Saturday, April 16, 2011

Truck ramp shows ingenuity of drug smugglers: police official

Yuma Sun
April 16, 2011
by Cesar Neyoy

SAN LUIS RIO COLORADO, Son. — The recent use of a large folding ramp to allow drug-carrying vehicles to leapfrog the border fence goes to show the ingenuity of the smugglers, says a Mexican police chief in this city.

And Federal Preventative Police Commander Gaston Loaiza says drug traffickers will only get more sophisticated and ingenious in their methods of moving their product into the United States and on to users.
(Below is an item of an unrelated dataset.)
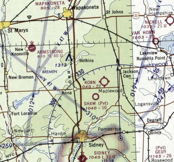 The earliest depiction which has been located of Bellefontaine Airport was on the May 1967 Cleveland Sectional Chart.
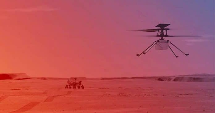 O helicóptero Ingenuity da NASA fez o primeiro voo motorizado em outro planeta.

His comments came days after Border Patrol agents on patrol in the Barry M. Goldwater Range east of Yuma discovered the folding ramp extending over the border fence from a large truck parked on the Mexican side. Agents found the ramp while chasing a Jeep Cherokee that apparently had just used the ramp to carry across 1,000 pounds of marijuana.

“We believe that the ramp could have been used previously,” Loiza said, “but it is a sign that there is a lot of drug smuggling activity in that area.”

The area is so heavily used by traffickers, he added, that the day after the discovery, Mexican federal police officers arrested two people as they were preparing to cross on foot in same location with a total of 20 kilos of marijuana strapped to their backs.

The fence is part of the U.S. government's efforts over the past decade to fortify the border against alien and drug smuggling through the use of added barriers and surveillance technology and more agents.

But Loaiza said the ramp is proof traffickers will not be stopped by the fence and will always seek ways to carry contraband across the border.

“We have that area heavily guarded, but now it will be more so. We have to be even more coordinated with law enforcement agencies of the United States.”

But he said San Luis Rio Colorado, Son., has managed to avoid the drug-related violence that has plagued other Mexican border cities, such as Ciudad Juarez, across from El Paso, Texas, and Nuevo Laredo, across from Laredo, Texas.

“In other parts, they are in a real war,” he said, “but here everything is peaceful.”

Nonetheless, the Mexican army has and will continue to maintain highway checkpoints around San Luis Rio Colorado in efforts to prevent violence from spreading to the area, said Boanerges Medel, commander of the army regiment based in San Luis.

Sometimes-lengthy waits by motorists at the checkpoints recently prompted complaints by Nahun Rodriguez, a chamber of commerce official in San Luis Rio Colorado.